Bu çocuk nasıl biri böyle?Aklım almıyor.Ne zaman canım sıkılsa veya sıkılmasa her zaman eğlenmemi istiyor.İçimde ona karşı sıcacık yorgan gibi duygular var.Ama bu işin sonunu bilmeden böyle şeyler hissetmek hiç hoş değil.
Beni gezdirirken konuşmasına devam ediyordu.(ne zaman sustu ki?)
"ıhım ıhım sana bugün çok doğal besinler yedireceğim.ıhım ıhım biyoloji dersini anlamadığını düşünerekten sana yeni bitkiler tanıtacağım.ıhım ıhım anlıyormusun beni çocuk?"
Böyle konuşması hoşuma gitmişti.Taklidini yapmaya çalışarak
"ıhım ıhım sen ne dersen o.ıhım ıhım hani bana domates?"
Bu konuşma tarzıma iyice gülerken ona domatesleri gösterdiğim yerden almasını söyledim.Oda bir kilo kadar aldı.
Ve ben yine sessizleşerek yürümeye devam ettim.
"Bak Edis bana her sorununu anlatabilirsin."derken ben ise içimden
ya ne demezsin ağzımda öyle diyordu.diyerek karşılık verdim (o bunu ne kadar duymasada)
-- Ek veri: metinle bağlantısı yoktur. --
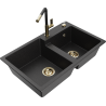 Mexen Tomas νεροχύτης γρανίτης διπλού θαλάμου με μπαταρία κουζίνας Flora,
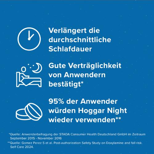 Hoggar® Night 25 mg Doxylaminsuccinat Tabletten Wirkstoff: Doxylaminsuccinat. Zur Kurzzeitbehandlung von Schlafstörungen. Hinweis: Nicht alle Schlafstörungen bedürfen einer medikamentösen Therapie. Oftmals sind sie Ausdruck körperlicher oder seelischer Erkrankungen und können durch andere Maßnahmen oder eine Therapie der Grundkrankheit beeinflusst werden. Deshalb sollte bei länger anhaltenden Schlafstörungen keine Dauerbehandlung mit Hoggar® Night erfolgen, sondern der behandelnde Arzt aufgesucht werden. Nicht ohne Befragen des Arztes über längere Zeit oder in höheren Dosierungen als angegeben einnehmen. Enthält Lactose.
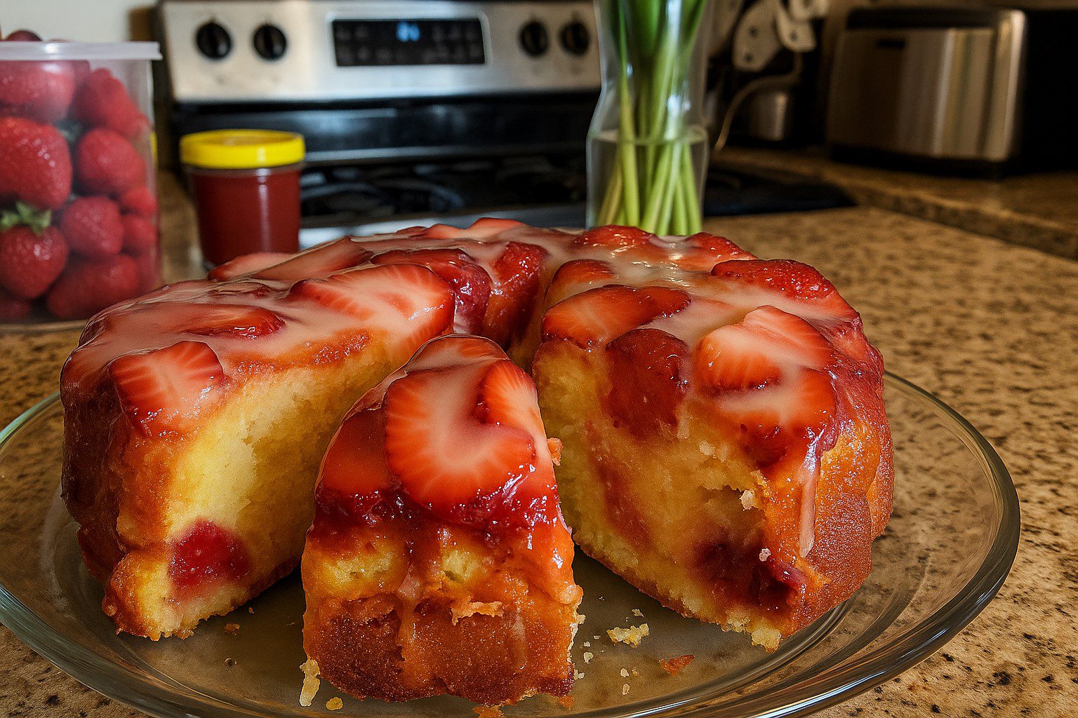 A moist, buttery pound cake bursting with strawberries and pineapple, topped with a sweet glaze.
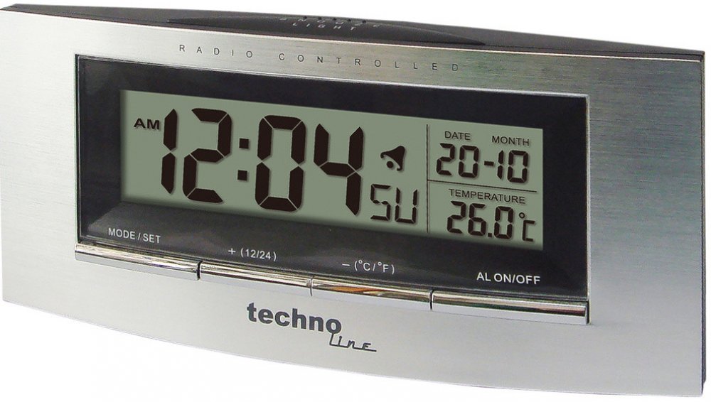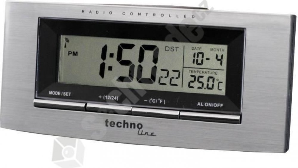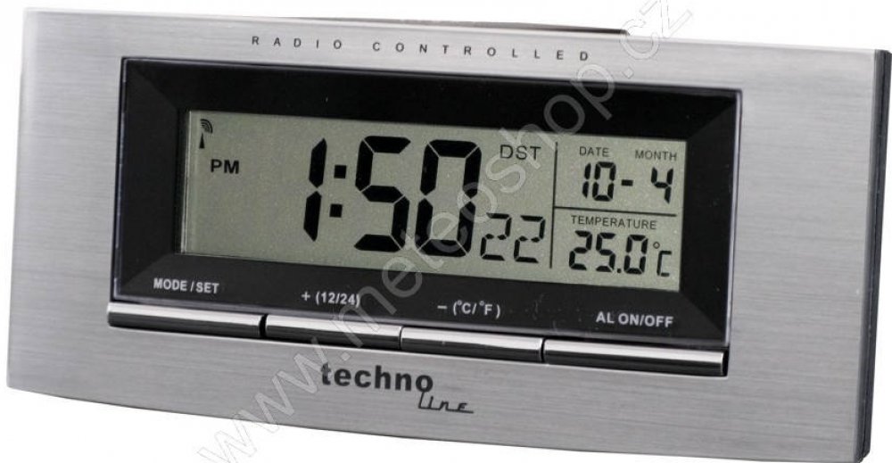 - displej o rozměrech 83 x 22 mm - možnost krátkodobého podsvícení displeje na 5 sekund zelenými LED diodami- čas řízený rádiovým signálem DCF-77- 12/24 hodinový formát- budík s opakovaným buzením po 8 minutách- časová zóna (+12/-12 hodin)- datum, zkratka názvu dne- měření vnitřní teploty- napájení bateriemi 2 ks 1,5 V typ AA (tužkové)- rozměry 140 x 35 x 63 mm- barva stříbrná
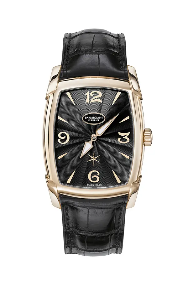 Charakteristické soudkovité pouzdro o rozměrech 38,5 × 31,2 mm je vyrobeno z ušlechtilého 18kt růžového zlata, které hodinkám dodává sofistikovaný a nadčasový vzhled. Celý design podtrhuje safírové sklíčko, jež chrání minimalistický a stylový černý analogový ciferník, který působí elegantně a decentně zároveň.
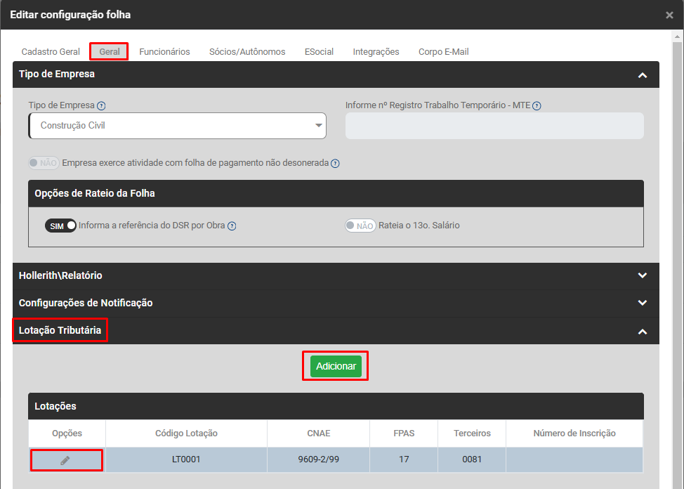 Correção: Acesse as Configurações da Empresa que apresentou a inconsistência e edite as Configurações
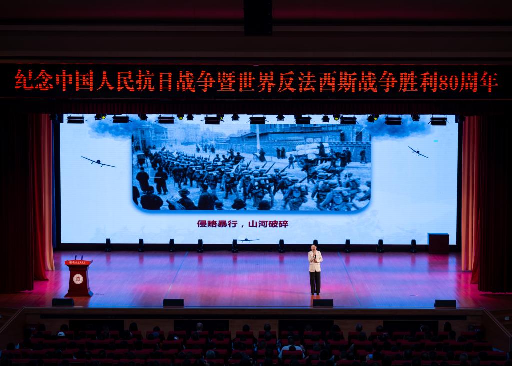 在纪念大会前,伟德国际VICTOR1946张裴讲授了题为《铭记历史铸精神,砥柱力量照前行》的爱国主义教育思政课。(来自公司新闻网)
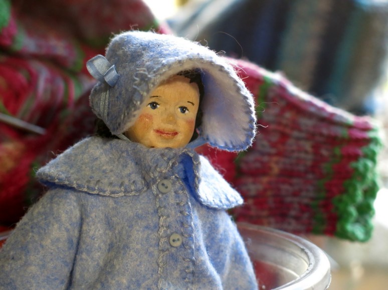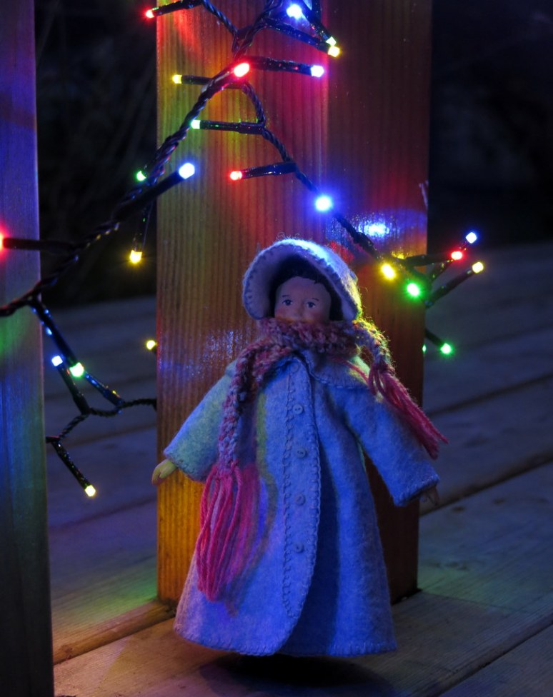 Vanilla looks so warm and ready for Winter. Love the soft blue coat and bonnet. The scarf is beautiful and will keep Vanilla’s neck warm and toasty. The color combination is perfect. She looks so pretty against the soft evening christmas light.

"Neden konuşmuyorsun?"deyince ben yine içimden
konuşmak gümüşse sükut(susmak) altındır.Diyerek karşılık vermiştim.Sonunda oda sinirlenerek
"Hayır anlamıyorum.Bişey yapmadım,konuşmaman için ağzını bantlamadım neden böyle davranıyorsun?
Aslında şuan çok kötüyüm.Ne kadar içimdeki duyguları sakinleştirmeye çalışsamda onlar rüyamı unutmayıp banada hatırlatarak acı çekememi sağlıyorlardı.Bağırarak
"Ne dememi istersin Kayra.Sana anlatacak bişeyim olsaydı anlatırdım."(yalan)Ne kadarda öfkeli çıkmıştı ses tonum.Oysa birilerine içimi dökmeye bu kadar muhtaçken ne oluyorduda Kayraya anlatmıyordum?
"Gerçekten kısa bir sürede ne kadar çabuk değişebileceğini anladım.Birazcık empati yapsan iyi olacak.Çünkü suçlulara bağırılır.Burda bana değil kendine bağırsan daha iyi olur."
Kayrayı bayağı sinirlendirmiş kendimide üzmüştüm.Kayra arkasına bakmadan beni öylece bırakıp giderken daha fazla dayanamayıp orada ağlamaya başladım.
Ne yaptığımı veya ne yapacağımı bilmeden amaçsızca ilerlerken papatyaları diktiğimiz yere geldim.Hava esiyordu ve kimsecikler yoktu.Duygularım beni esir almış işkence çektiren sıcak göz yaşlarımı yanaklarımdan bırakırken kendime hakim olmadan ve olmak istemeden yüksek çıkan ses tonumla sinirle hıçkırarak ve aynı zamanda sola dönerek
"Sen çoktan bittin.Benim için bi önemin yok."dedikten sonra masumca sağa dönerek
"Artık alabilirsin canımı söz veriyorum ağlamıycam."dedim ve aniden yağmur göz yaşlarıma eşlik ederek kulağıma
"Geriye bi ölüm kokusu kalıyor ki insan koklamak istemez"deyip kaderimi ellerine alarak diğer damlalara karıştı.